Amazon Elastic Kubernetes Service (EKS) Cluster¶
Prior to following this guide, you should have an EKS cluster set up and configured. If you do not have an EKS cluster, you can follow the Amazon EKS Getting Started Guide.
Deploy Helm Chart¶
This guide assumes that you have completed the steps in the Subscribe on AWS Marketplace section, and are currently on the "Launch this software" page in the AWS Marketplace.
- Under the "Launch target" dropdown, select "Amazon managed Kubernetes".
- Under "Launch method", select "Launch on existing cluster".
- Follow the Launch instructions given to create the AWS IAM role and Kubernetes service account.
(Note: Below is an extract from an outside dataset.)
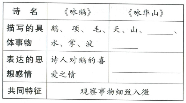 3. 小明惊奇地发现,这首诗歌是寇准在七岁时创作的,与初唐时期写下《咏鹅》的骆宾王年纪相同,于是针对这两首古诗,他做了一个诗歌异同分析表,请你和他一起补充完整。(4分)
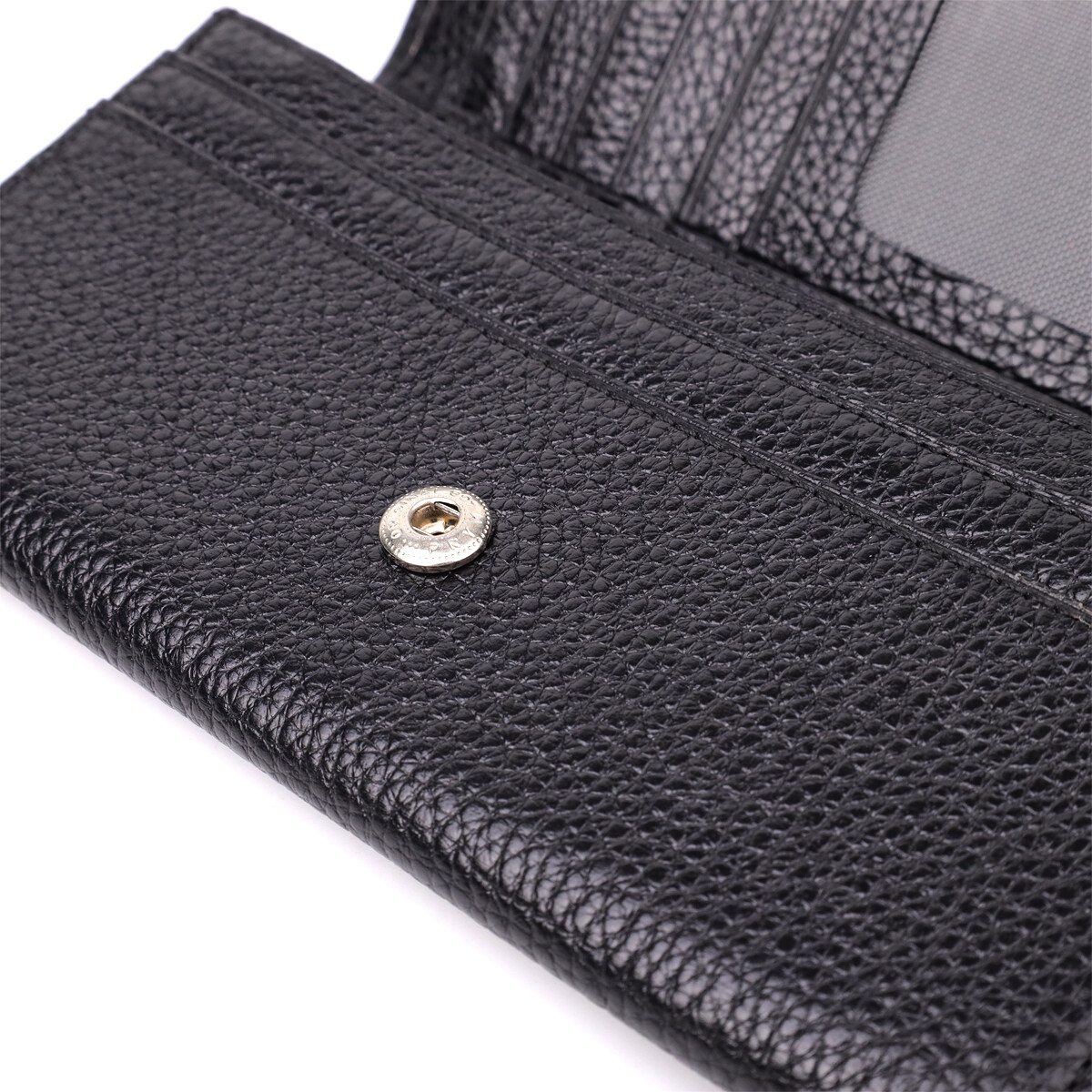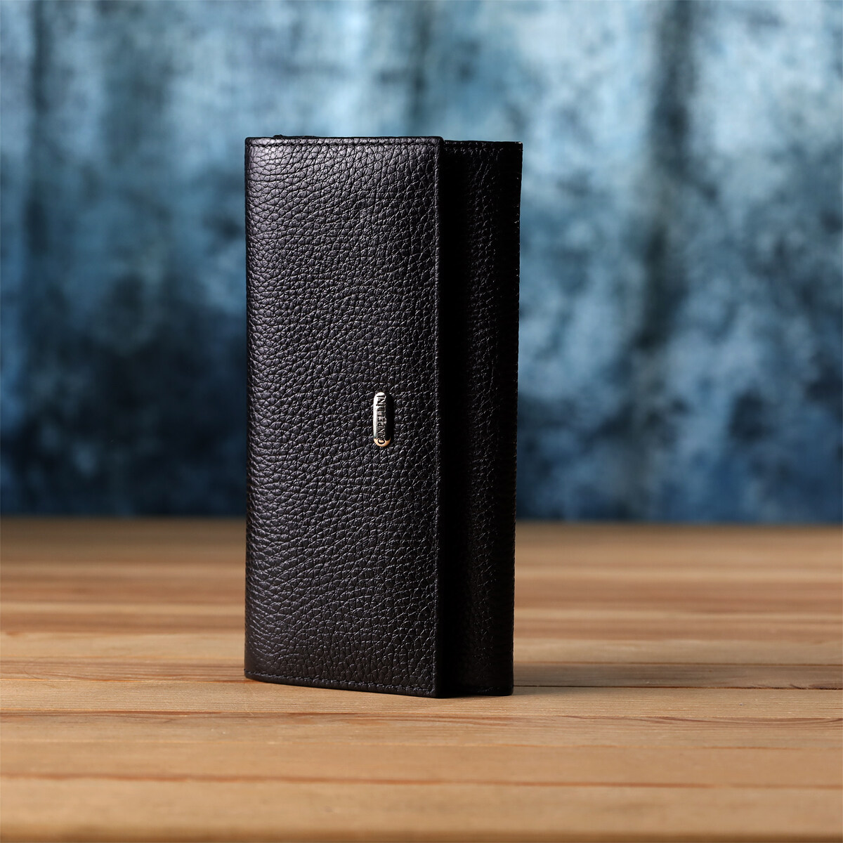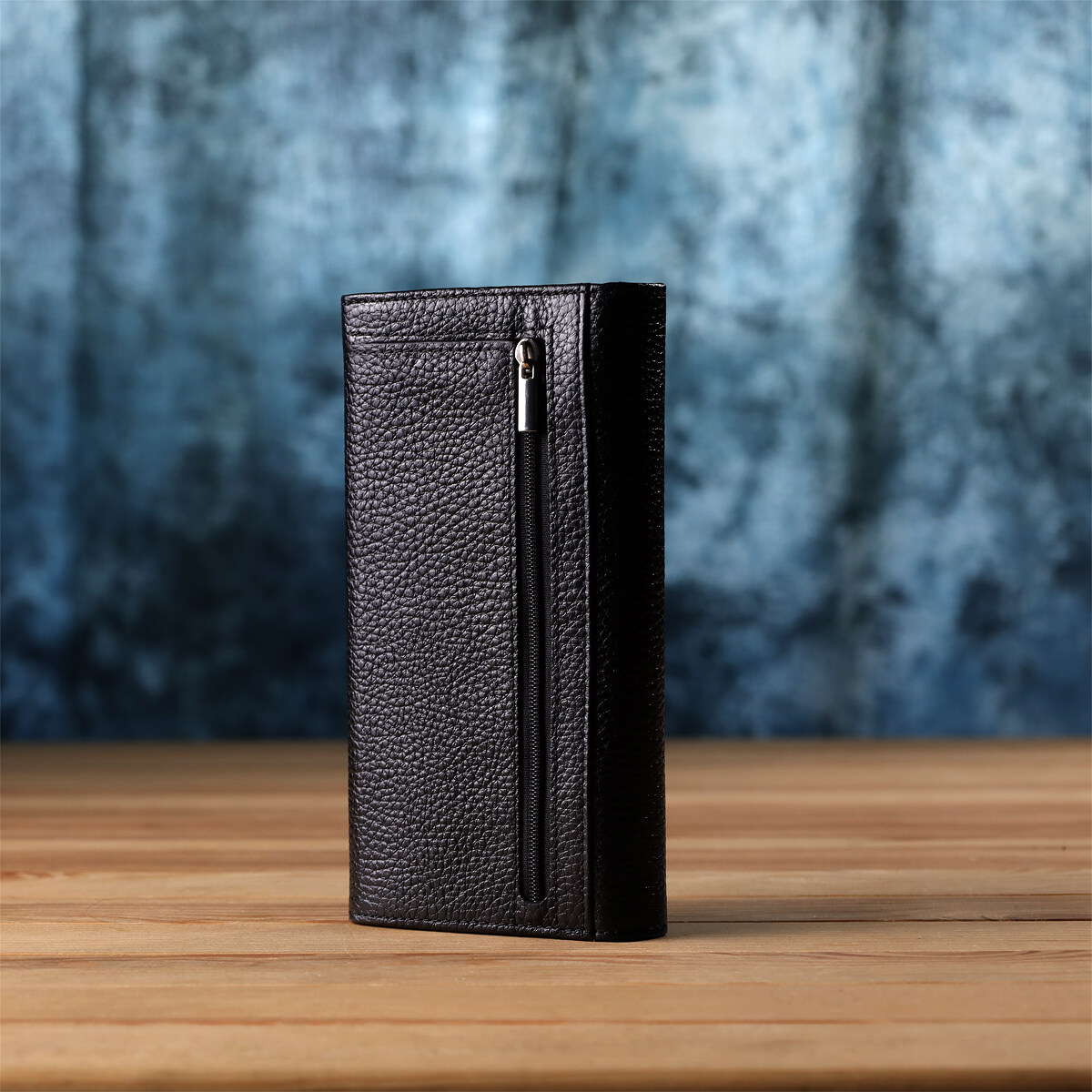 Элегантный кошелек CANPELLINI из натуральной черной кожи с выразительной крупнозернистой фактурой станет надежным и практичным аксессуаром для современного мужчины. Вместительный, он имеет несколько отделений для купюр и карт, удобные карманы для мелочей и монетницу на молнии. Металлический фирменный логотип подчеркивает статус и оригинальность изделия.

- Follow the Launch instructions given to pull the helm chart and deploy it to your EKS cluster using your local CLI.
Warning
By default the helm chart will also launch the Stained Glass Inference Server (powered by vLLM) into your EKS cluster. Since you are using SageMaker as your upstream inference server, this is not necessary. Make sure to add --set llmApi.enabled=False
to any helm install commands. This will disable launching a self-hosted inference server. You should also set --set sgProxy.config.sagemakerEndpointName=<your endpoint name>
, so SGT Proxy will communicate with your SageMaker endpoint For example,
helm install stained-glass-engine ./stained-glass-engine --set llmApi.enabled=False --set sgProxy.config.sagemakerEndpointName=<your endpoint name>
./stained-glass-engine
to match the launch instructions from amazon.
Inference using Stained Glass Proxy¶
Connecting to Stained Glass Proxy¶
The Helm Chart deployment supports an ingress controller, if desired, which can be enabled via .Values.sgProxy.ingress.enabled
.
You can test your connection using its built-in Swagger UI at the /docs
endpoint.
Interacting with the Stained Glass Proxy API¶
Once you can connect to the Stained Glass Proxy service, you can interact with its REST API to perform inference (see the API Reference for more details). The REST API is OpenAI-compatible, so you can use tools such as OpenAI's client or LangChain to interact with the service. See Tutorials for examples of how to use the service.